Radiat Res. 1991 Nov;128(2):222-4.
A technique has been developed for transplanting whole thyroid follicles into the fat pads of recipient thyroidectomized rats to assess the ability of the follicular cells to proliferate and form colonies, i.e., clusters of new follicles. Of the transplanted follicles, 80-90% formed follicle clusters, indicative of the presence of transplanted follicles not containing colony-forming cells (clonogens) or some reproducible degree of transplantation trauma. The initial number of clonogens per regenerative follicle was calculated from data from split-dose experiments to be 3.3 +/- 1.5, and their sensitivity was characterized by a D0 value of 350 +/- 95 cGy. Three clonogens among about 80 epithelial cells per regenerative follicle and the 10-20% of nonregenerative follicles represent an overall colony-forming efficiency of about 3%. This is similar to the value of 2-3% reported by others using single-cell transplantation techniques.

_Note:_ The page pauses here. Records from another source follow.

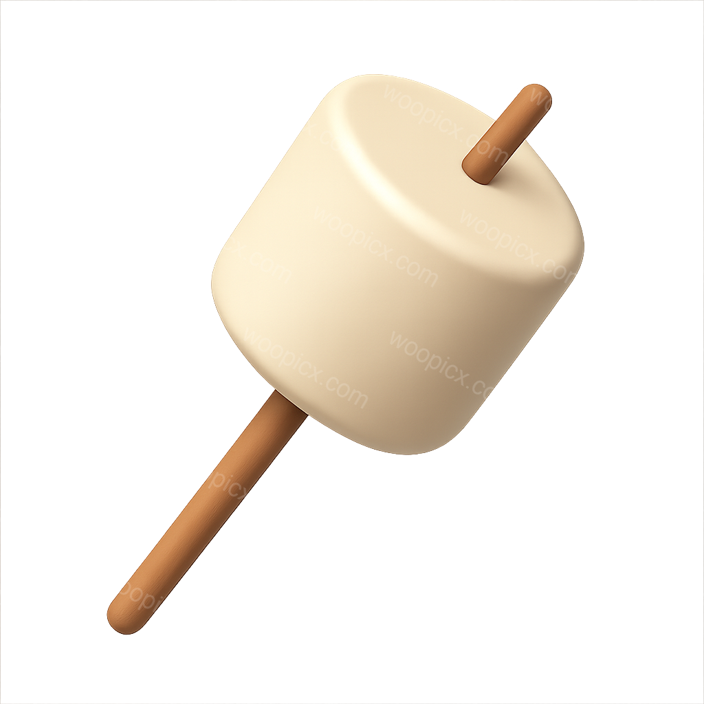 /Premium/Collection: /by davooda/Type: PNG/A stylized 3D representation of a marshmallow on a stick, featuring a smooth, glossy texture and a warm color palette. The isometric view enhances its volumetric appearance.
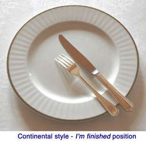 وعندما يتم الانتهاء من الطبق الرئيسي توضع الشوكة والسكين بجانب بعضهما على الطبق على شكل زاوية مائلة من أعلى اليسار حتى اليمين أسفل على أن تمتد مقابضهما خارج حدود الطبق قليلاً.
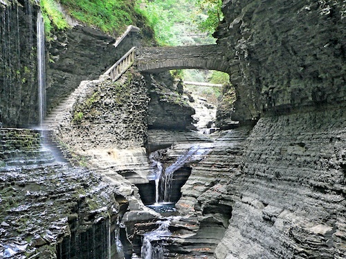 It’s a three mile trail, has about 800 steps, and winds its way through dark spiraling tunnels cut into the cliffs. It is a world of undulating walls of stone, mortared bridges, natural sculptures and 19 waterfalls. Hubby and I hiked it early before the crowds arrived. While my memories of our trips there in the early 70’s were a little purple hazy, it did not seem to have changed much. The walks were now paved, but it still lived up to its reputation as one of the most photogenic spots in New York State.

已开发出一种将整个甲状腺滤泡移植到受体甲状腺切除大鼠脂肪垫中的技术,以评估滤泡细胞增殖并形成集落(即新滤泡簇)的能力。在移植的滤泡中,80 - 90%形成了滤泡簇,这表明存在不含集落形成细胞(克隆原)的移植滤泡,或存在某种可重复程度的移植创伤。根据分次剂量实验数据计算,每个再生滤泡中克隆原的初始数量为3.3±1.5,其敏感性以D0值350±95 cGy表征。每个再生滤泡约80个上皮细胞中的三个克隆原以及10 - 20%的非再生滤泡代表总体集落形成效率约为3%。这与其他人使用单细胞移植技术报告的2 - 3%的值相似。